Subject: Re: shared library support
To: None <tech-kern@NetBSD.ORG>
From: None <jiho@postal.c-zone.net>
List: tech-kern
Date: 03/17/1998 11:26:38
>> One thing I do know is that with the Mach vm system, shared libraries
>> don't share code pages properly.  I've tested things pretty thoroughly, 
>> and that conclusion sifts out consistently.  Code pages from core process 
>> files are properly shared; those from shared library files are not.  You 
>> are literally better off to run a completely statically linked system, 
>> than to use any shared libraries (especially with X).  
>
> hmm, well, i haven't observed anything along these lines.   if you look
> at how both static and dynamic binaries are run you'll note that it all
> goes through the same memory-mapping mechanism.  for the static part of
> a demand-paged binary, we are routed through vmcmd_map_pagedvn() in
> kern/exec_subr.c to vm_mmap().   for programs that use shared libs, 
> ld.so uses mmap(2) to map the libs in.   the code path on that would
> be sys_mmap() -> vm_mmap() [all in vm/vm_mmap.c].    so, both static
> and dynamic code-related memory mappings boil down to vm_mmap() calls.

Exactly, and you can even make sure that both code paths apply the same vm
features (i.e., shared vs. private vs. copy-on-write).  There are basically
three points that distinguish the two cases:

  1. In the exec (core process) case, the proc structure gets a record of the
     vnode of the core process file on disk.  But nothing I know of pays any
     attention to this in the vm system, nor does it seem to affect related
     matters like vnode lookup.

  2. That core process vnode is flagged as VTEXT.  This is used in the open()
     call to prevent write access to an active demand-paged process file.  But
     I found nothing in the vm system that looks at this, and forcing shared
     libraries to get flagged VTEXT makes no difference.

  3. The core process file gets mapped at the beginning of user vm space, while
     shared library files get mapped opportunistically in the user mmap area,
     which starts atop the process heap limit.  This looks most promising to me
     as a clue to the cause, but I've never found anything in the vm code that
     would appear to behave differently as a result of this distinction.

So I'm stumped.


> what sort of tests did you run when looking into this?

There are two, one from a Linux user and one NetBSD-specific from myself.

The Linux user reported on one of their news groups that with a large Motif
client under X, he was able to start more instances statically linked than with
shared libraries.  He pointed out that with HP-UX the reverse was true, and
indeed, when things are working properly it always should be so.  That's simple
common sense.  Aside from any kernel vm similarities, the one thing Linux and
NetBSD have in common is the GNU compiler suite.

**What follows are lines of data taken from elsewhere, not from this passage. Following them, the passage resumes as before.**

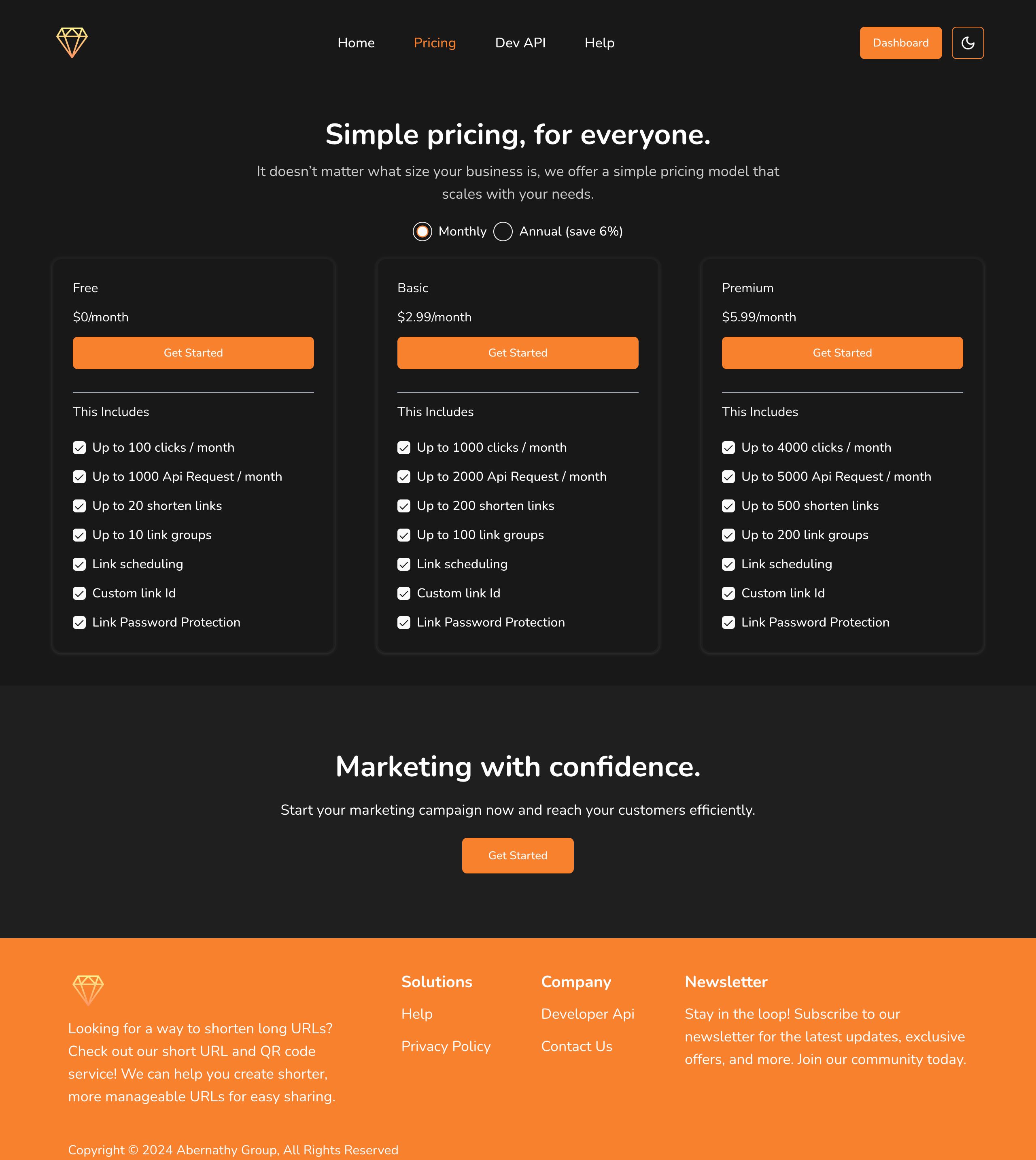 - Subscription Plans: The platform supports multiple subscription plans with different limits on clicks, API requests, and link creation options.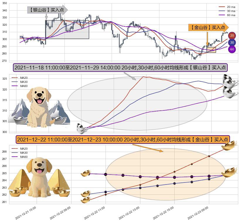 ⚃ 2021-12-22 12:00:00-小时至2021-12-23 10:00:00-小时显现 20小时-30小时-60小时均线 【金山谷】买入点 其再次确认了买入信号,可靠性更强,买入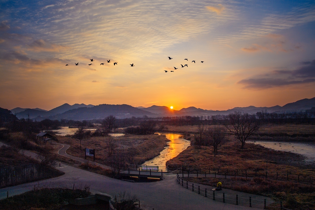 물안개 없는 화포천 그래도 철새들이 있어서 다행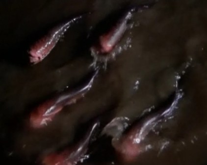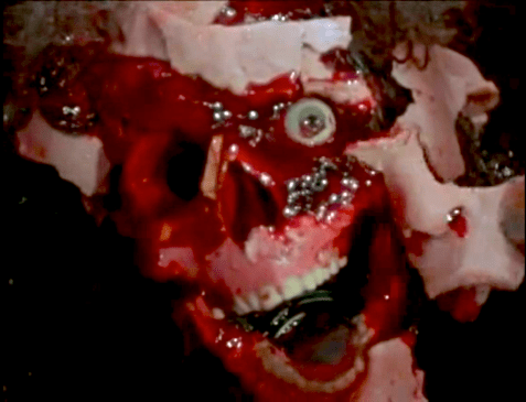 Much as in The Blob (1988) or Alien Predators (1985), a meteor (or…something…whatever) lands on Earth and brings with it horrible amorphous agents of gory death. Before we have any notion of a story we see a little of our anthropophagous extraterrestrials. They look like giant multi-headed worm Muppets loaded with teeth and two googly stalked claws. This abomination’s numerous larvae, which have infested the basement of a New Jersey home, are like little tadpole Alien chestbursters. Really kind of cute.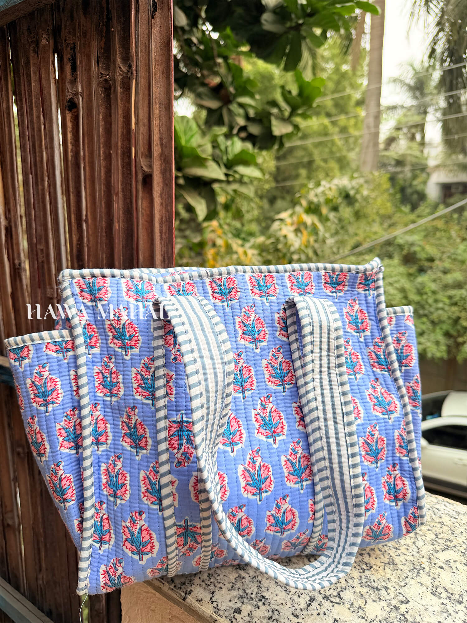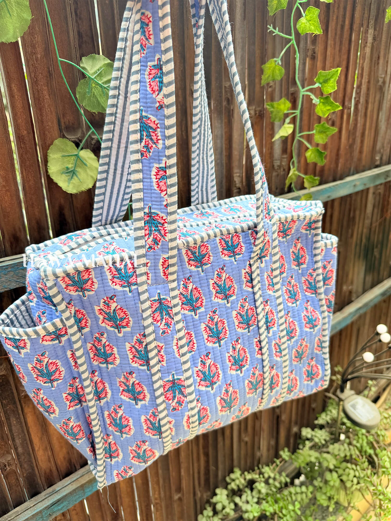 Crafted from durable, washable fabric with traditional block print detailing, this compact tote seamlessly transitions from lunch carrier to travel companion. Thoughtfully designed with dual side bottle holders to keep beverages secure and accessible, the reinforced zipper closure ensures your essentials remain protected.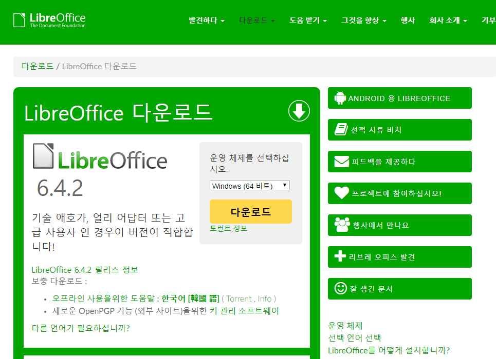 리브레오피스 공식 사이트 접속 ▶ https://www.libreoffice.org/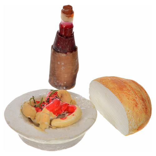 - Neapolitan Nativity scene accessory, plate wine and bread 3 piec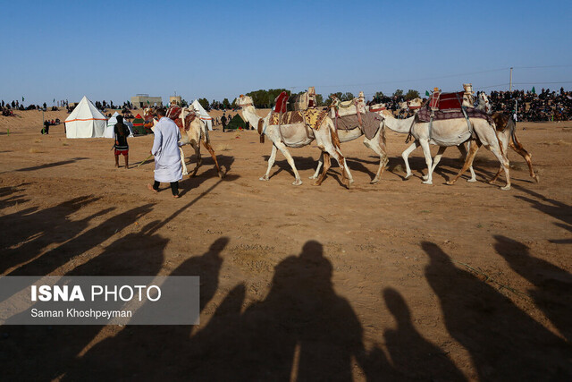 در آغاز مراسم، کاروانی از اولیا، حرکت می کند که در میانه راه، لشکر اشقیا راه بر آنها میبندند. حربن یزید ریاحی، پیشاپیش این سپاه ایستاده است. عمر بن سعد با سپاهش سایه به سایه کاروان حسینی را تعقیب میکند و شمر بن ذیالجوشن، که مأمور بود او را به جنگ با فرزند رسول خدا، بفرستد نیز حضور دارد.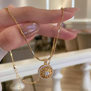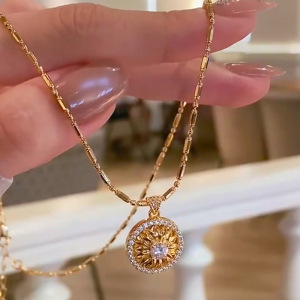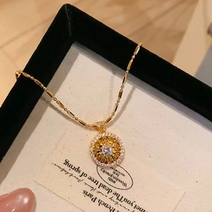 小红书爆款细闪雏菊罗盘吊坠项链高级感独特锁骨链毛衣链一件代发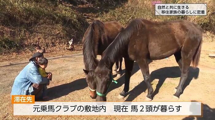 元乗馬クラブの敷地内には現在、馬2頭が暮らしている。オーナーの白井洋行さんの好意でファームの敷地内に堀さん家族も滞在することになった。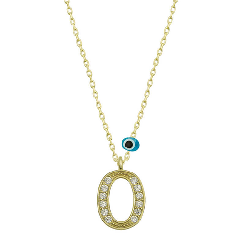 Silver Evil Eye Gold Letter O Women's Necklace With silver letter necklaces, those who are precious to you are always with you... Decorate your loved one's neck with love with this special necklace model that young lovers can choose on special occasions. A silver letter necklace that your loved ones will wear with pleasure will be one of the most meaningful gifts. The evil eye letter women's necklace model is made of 925 sterling silver. Gold plated on silver. Gold plated silver women's necklace models preserve their shine for a long time. As with all of our products, the silver women's letter necklace model is handmade. Due to silver and precious stones, there may be ± 10% deviation from the average product weight. Width: 0.80 cm Length: 1.10 cm Avg. Weight: 1.40 g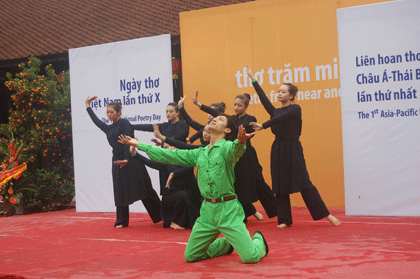 (VTC News) - Sáng nay( 05/02), Ngày thơ Việt Nam lần thứ X đã diễn ra tại khuôn viên Văn Miếu Quốc Tử Giám với sự tham gia của hàng trăm nhà thơ Việt Nam và quốc tế, hàng nghìn người yêu thơ trên khắp cả nước và bạn bè thế giới.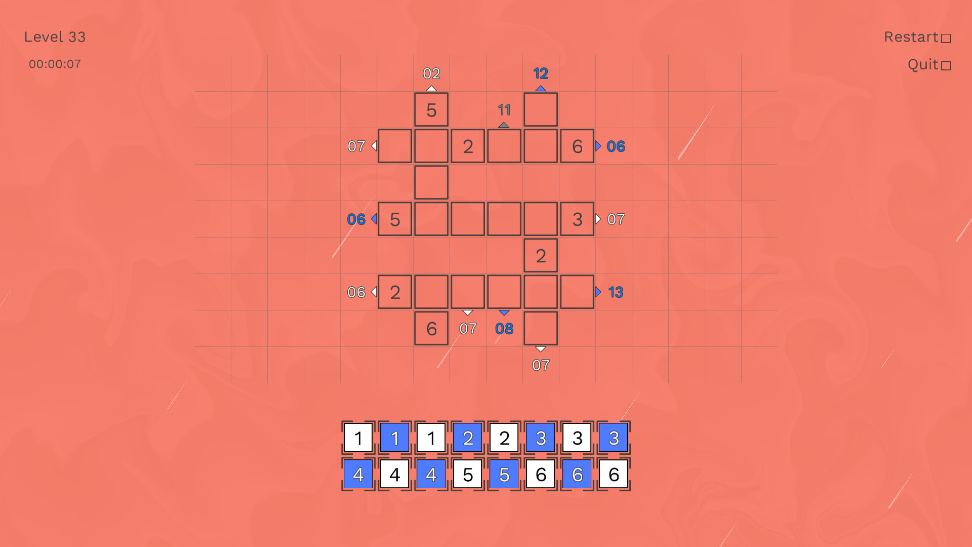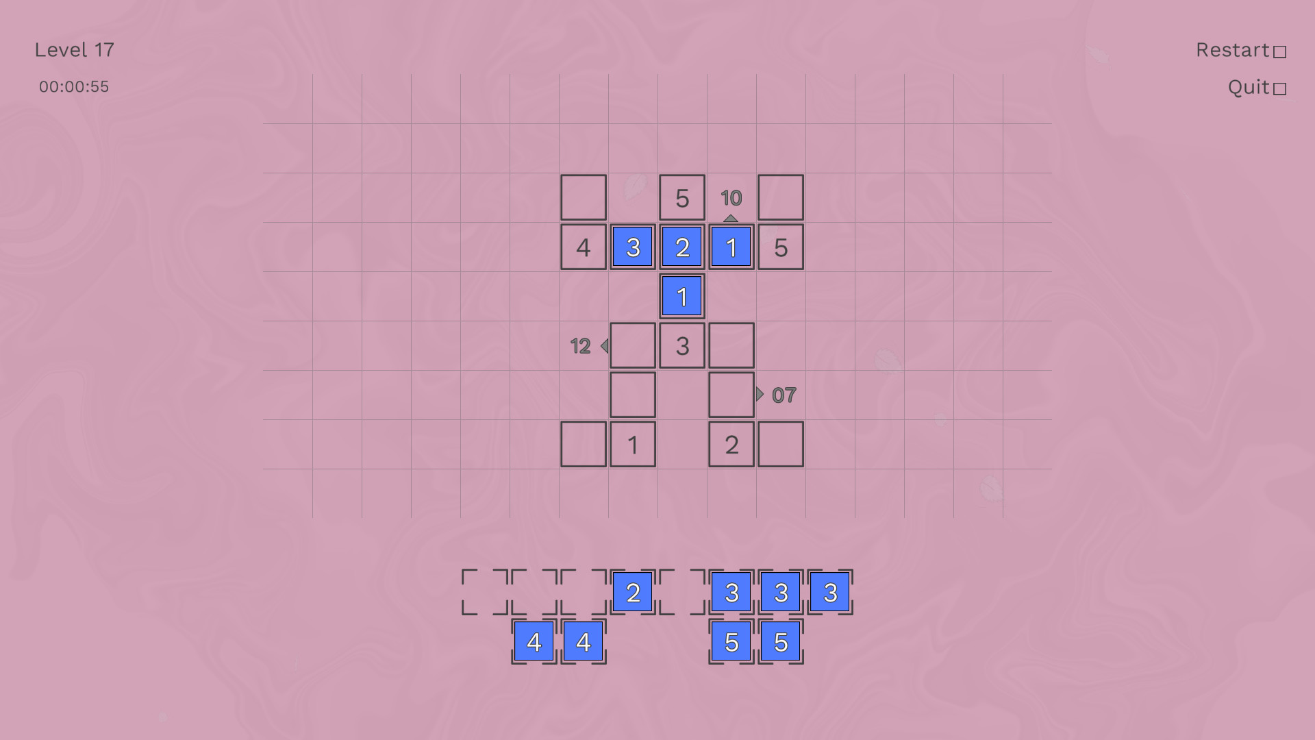 Puzlogic is an unique logic puzzle game inspired by sudoku and kakuro (cross sums). To complete puzzles you must drag the available numbers on the bottom to the free spaces above, following the provided rules. With its minimalistic style and relaxing music, it features 64 puzzles with increasing difficulty and complexity.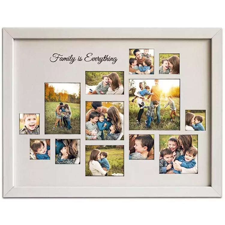 قاب عکس چند عکسی یا پازلی 13 عکس Family is Everything از بهترین جنس پی وی سی قاب عکس و ام دی اف سفید شبکه ای ساخته شده است. متن Family is Everything روی ام دی اف حک شده و به معنی خانواده همه چیز است میباشد. سایز این قاب 30 در 40 سانت و دارای 13 عکس با سایزهای مختلف میباشد. با استفاده از این قاب میتوانید خاطرات زیبایتان را در یک نگاه ببینید.و در یک فضای کوچک تعداد زیادی عکس داشته باشید. در پشت قاب چند عدد پین مشکی وجود دارد که با صاف کردن آنها با دست قاب به آسانی باز میشود و عکسها را پشت ام دی اف شبکه ای با چسب کاغذی یا آبی میچسبانید. این قاب مناسب عکسهای خانواده ، دوستانه و کودکان میباشد و جلوه ی زیبایی به منزلتان میبخشد. قاب دارای آویز دیواری میباشد.

My own test uses the tiny program included at the end of this message.  If the
preceding hint from Linux didn't convince you, perform the following steps:

  1. Compile two versions of the program, one static, one shared.  To compile
     the static case use the following command:

       gcc -O2 -static -nostartfiles -o <case1> /usr/lib/scrt0.o <source>.c

     By default crt.o is used, which is the shared library startup file and
     causes useless code to get built in.  This is a tightly controlled
     experiment, here.  The shared case is simply:

       gcc -O2 -o <case2> <source>.c

  2. Reboot the system, and open a second VT (you do have virtual terminal
     support compiled into your kernel).  Start 'systat vmstat', and note down
     the initial vm statistics.  Pay special attention to the free page count,
     the active page count, the wired page count, and the total page count.

  3. Switch back to the first VT, and start a & instance of <case1>.  Switch to
     the second VT, wait for the numbers to stabilize, and note the same set of
     page counts.

  4. Repeat step 3 several times.

  5. Start over from step 2, but substitute <case2>.

  6. Evaluate the page count behavior for the two cases.  After factoring out
     the kernel process management overhead (wired pages, some 2 dozen), you
     will discover that each new <case1> instance caused 1 stack page to move
     from the free list to the active list, while each new <case2> instance
     caused many additional pages (a few dozen) to move from the free list to
     the active list.

I welcome serious argument, as I really want to solve this puzzle.

Here follows the test program.


-------CUT HERE---------------------------------------CUT HERE----------------- 

#include <sys/types.h>
#include <unistd.h>


#define NONE   0
#define TRUE   1


int main(int argc, char *argv[])
  {
  pid_t pid=getpid();

  while(TRUE)
    { sleep(5); }

  return(NONE);
  }

---------CUT HERE-------------------------------------CUT HERE-----------------


--Jim Howard  <jiho@mail.c-zone.net>


----------------------------------
E-Mail: jiho@mail.c-zone.net
Date: 17-Mar-98
Time: 11:26:38

This message was sent by XFMail
----------------------------------